Ninguna de las 33 vacunas experimentales que ya están en ensayos en humanos ha demostrado todavía su seguridad y eficacia. “Existe el peligro de que las presiones políticas y económicas para introducir rápidamente una vacuna contra la COVID-19 puedan provocar el despliegue generalizado de una vacuna que en realidad sea muy poco efectiva, por ejemplo, que solo reduzca la incidencia de COVID-19 entre un 10% y un 20%”, alertan los expertos.

Es fundamental garantizar la seguridad de las vacunas puesto que, no hacerlo, podría tener consecuencias devastadoras.

El Gobierno de Donald Trump ya ha prometido tener dosis de las primeras vacunas en octubre en EEUU

Pese a los anuncios procedentes de países como EEUU o Rusia, ninguna de las vacunas que se está desarrollando contra el COVID-19 se administrará a la población antes de completar los ensayos clínicos.

No está claro cuál será el umbral de eficacia necesario para frenar la pandemia. La OMS prefiere una vacuna de una sola dosis con más de un 70% de eficacia, pero se conformaría con una vacuna de dos dosis y un 50% de eficacia, según los límites fijados en abril. Según publica EL PAÍS, una reciente simulación —dirigida por el investigador Bruce Lee, de la Universidad de la Ciudad de Nueva York— sugiere que, para prevenir nuevas epidemias sin otras medidas de control, la vacuna tendría que ofrecer una eficacia del 60% si se inocula a todo el mundo, de más del 70% si solo se inyecta a tres de cada cuatro ciudadanos y del 80% si apenas se vacuna el 60% de la población.

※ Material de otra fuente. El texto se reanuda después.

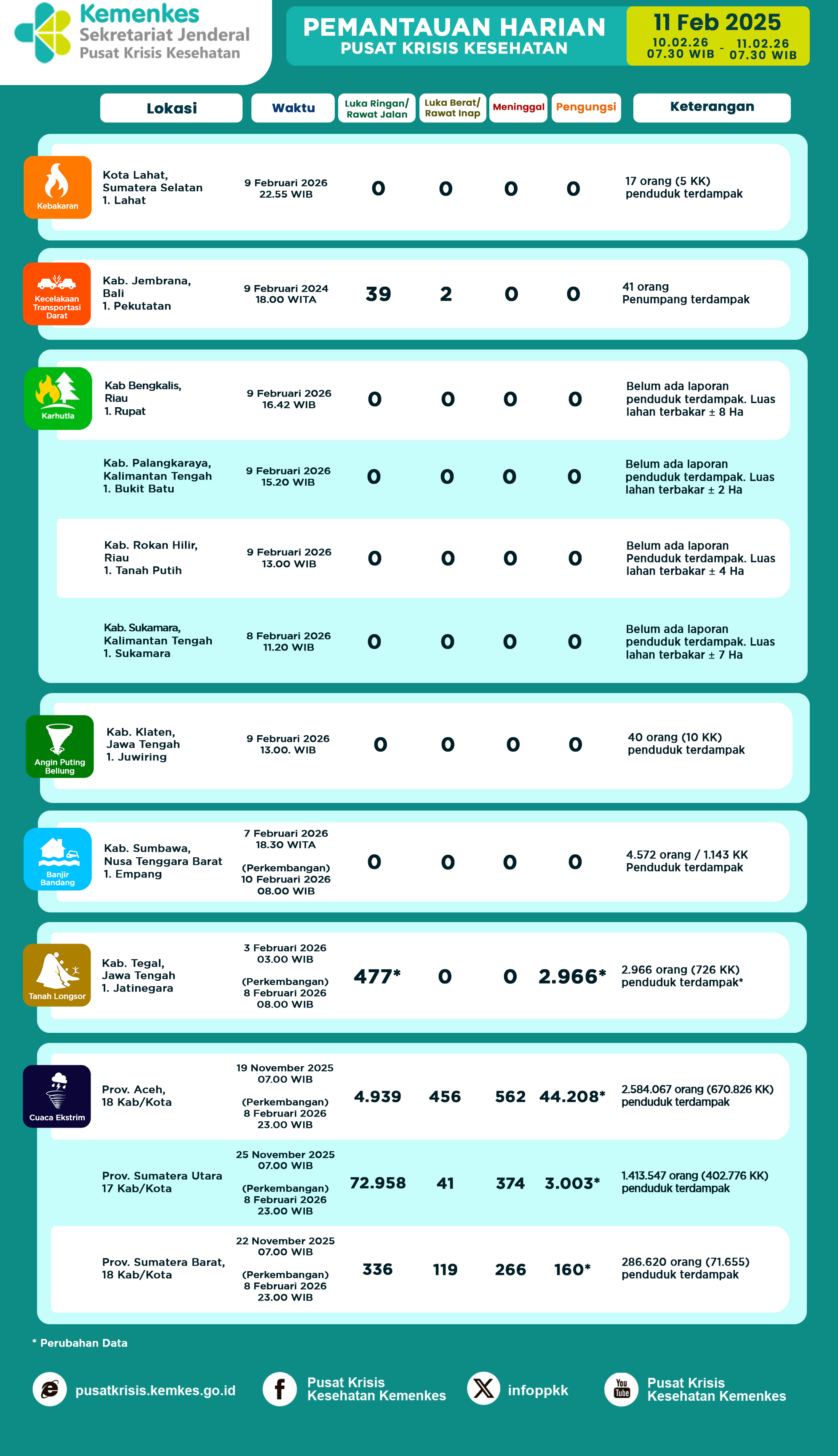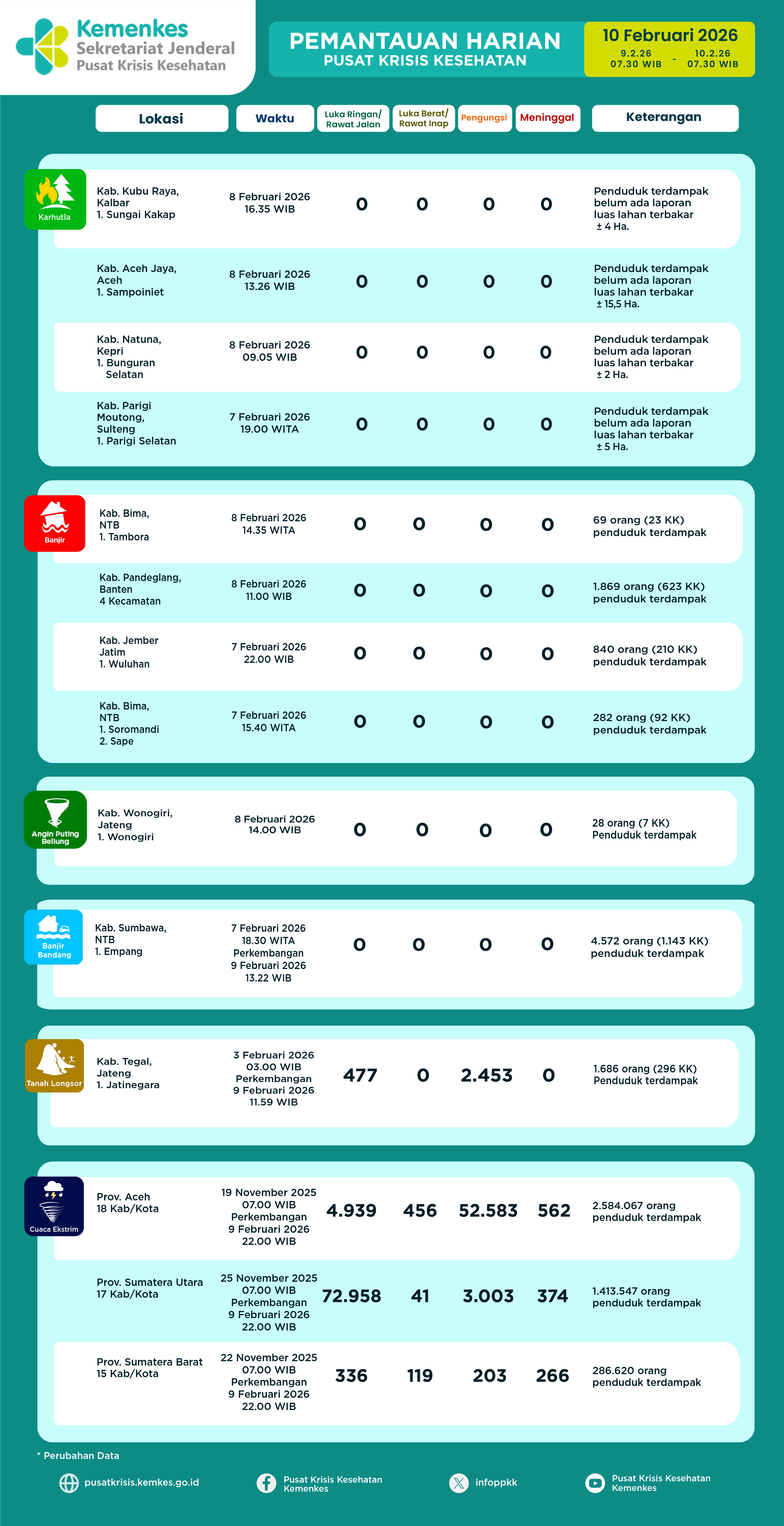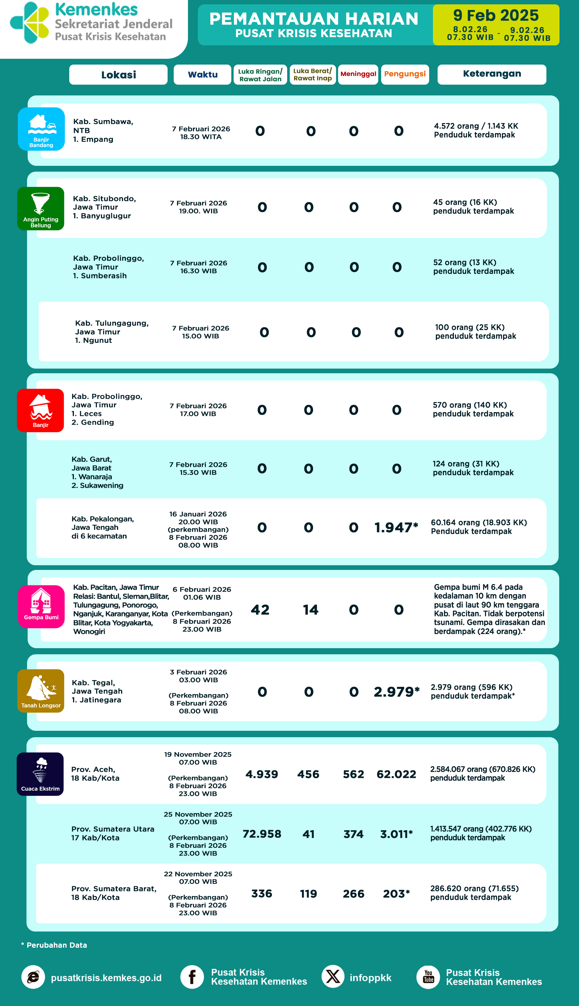 Disini anda dapat mengunduh Infografis Pemantauan Harian Kejadian Krisis Kesehatan Pusat Krisis Kesehatan Kementerian Kesehatan tanggal 22 Januari 2023 pukul 07.30 WIB. Terdapat laporan kejadian: 2 Gempa Bumi, 4 Banjir, 1 Kebakaran Hutan dan Lahan, 1 Kebakaran dan 1 Tanah Longsor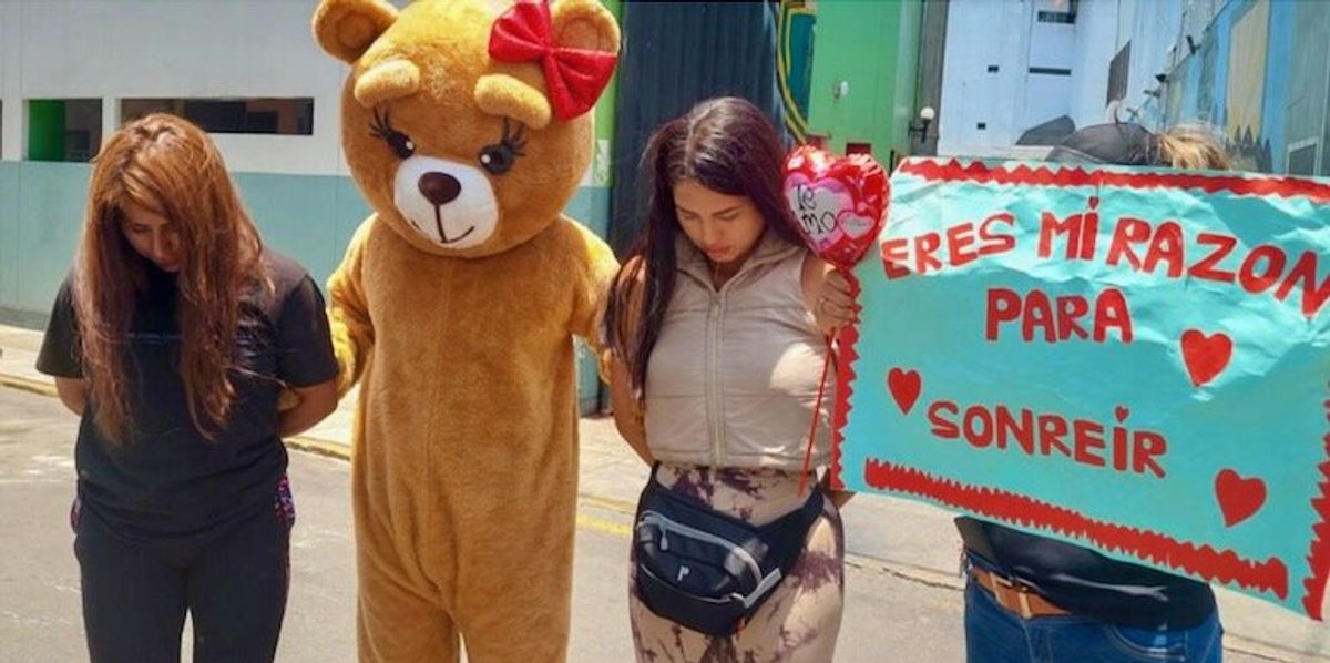 The officers "disguised themselves using the teddy bear because drugs were sold there," Colonel Walter Palomino, head of the Green Squadron of the National Police, told AFP.

En cualquier caso, incluso una idílica vacuna con un 100% de eficacia no sería muy útil si la mitad de los ciudadanos deciden no inyectársela, según la simulación de Lee.

“La utilización de una vacuna poco efectiva podría empeorar la pandemia”, alertan los expertos de la OMS en el artículo publicado en la revista médica The Lancet

Rusia ya ha tenido que rectificar el anuncio sobre su vacuna 'Sputnik V' y lo que iba a ser una aprobación de esa vacuna se ha reconvertido en un estudio fase 3.

La principal propiedad de las vacunas es la seguridad, y una vacuna no puede salir al mercado si no está comprobada su seguridad. Los efectos secundarios que ello podría suponer, podrían empeorar la pandemia.

La eficacia y la seguridad de las actuales vacunas experimentales se analizan comparando los resultados de decenas de miles de voluntarios vacunados frente a un grupo de control de otras tantas personas no vacunadas. Si hay muchos menos enfermos de covid entre los vacunados y no se registra nada extraño, la vacuna será eficaz y segura. Pero si se autoriza una vacuna poco eficaz y se convierte en el tratamiento preventivo estándar, las siguientes vacunas experimentales no tendrían que demostrar que son mejores que un placebo, sino que no son peores que la vacuna ya aprobada.

La OMS propone un ensayo internacional de múltiples vacunas a la vez

Para garantizar la eficacia de las vacunas, el equipo de expertos de la OMS propone estudiar al mismo tiempo múltiples vacunas experimentales, comparándolas entre sí y con un placebo. Los investigadores creen que un ensayo de entre tres y seis meses sería suficiente para identificar una vacuna capaz de reducir el riesgo a la mitad.

La OMS hace un llamamiento a los desarrolladores de vacunas para que se incorporen a este futuro análisis múltiple, denominado ensayo Solidaridad.